Planning: Duo Context Configuration & Exclusion
Background
As we expand the context and content available to Duo, we need to provide customer controls for excluding sensitive files/content from Duo features and supporting models. Customers may have sensitive files that should not be processed or input to LLM's and embeddings models.
References
Timeline considerations
- Helpful follow-on to the general availability launch of
/include - Helpful security control for Semantic search: chat with your codebase (&16910)
Main goal
Allow customers to enforce their security/privacy policy by controlling the content that is used within Duo. The messaging intent is ensure customers that excluded files/context are not processed by any Duo LLM or supporting model.

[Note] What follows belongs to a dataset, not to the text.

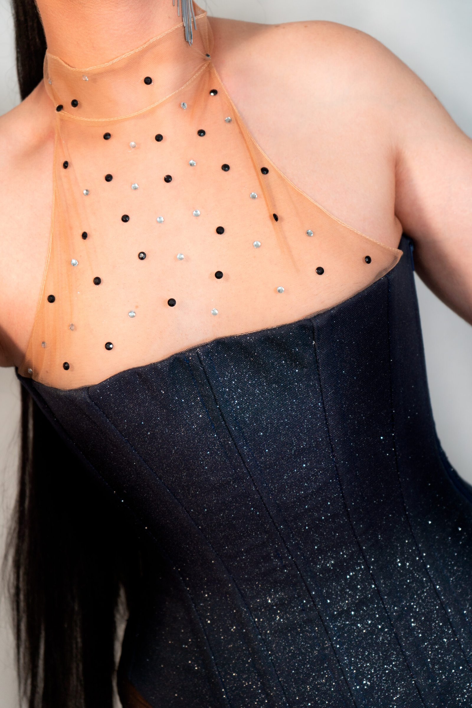 Corset rígido en tono azul con destellos plateados, ideal para looks escénicos con fuerza y luz. El escote está rematado con tul transparente decorado con pedrería, aportando un acabado delicado y brillante. Una prenda con presencia.

This provides a very strong data privacy and data retention position:
- Each customer can preclude content from ever being processed by Duo
- For content that is processed by Duo, we maintain zero-day data retention
Assumptions
- The implementation approach will be consistent with with iteration 1 of the AI Context Management proposal
- The
ai_context_policyfile is auto-created in new repositories where Duo is enabled - The
ai_context_policyfile is auto-created in existing repositories where Duo is enabled
- The
- We do not automatically exclude paths specified in
gitignore - We can use an implementation pattern that makes it trivial for each Duo feature to integrate & enforce the AI context check. Ideally, it would take each team less than a day or two to enforce the AI context policy within their Duo feature.
MVC Proposal
Functional summary
- Files are available for AI context by default, unless otherwise specified.
- An administrator can:
- Configure paths to exclude from AI context
- This could include a specific file, a directory, a file extension, etc.
- Configure paths to include for AI context
- e.g. Exclude a folder, but include 2 specific files in that folder.
- This could include a specific file, a directory, a file extension, etc.
- Configure paths to exclude from AI context
- The controls config file must be stored in the root of the repository.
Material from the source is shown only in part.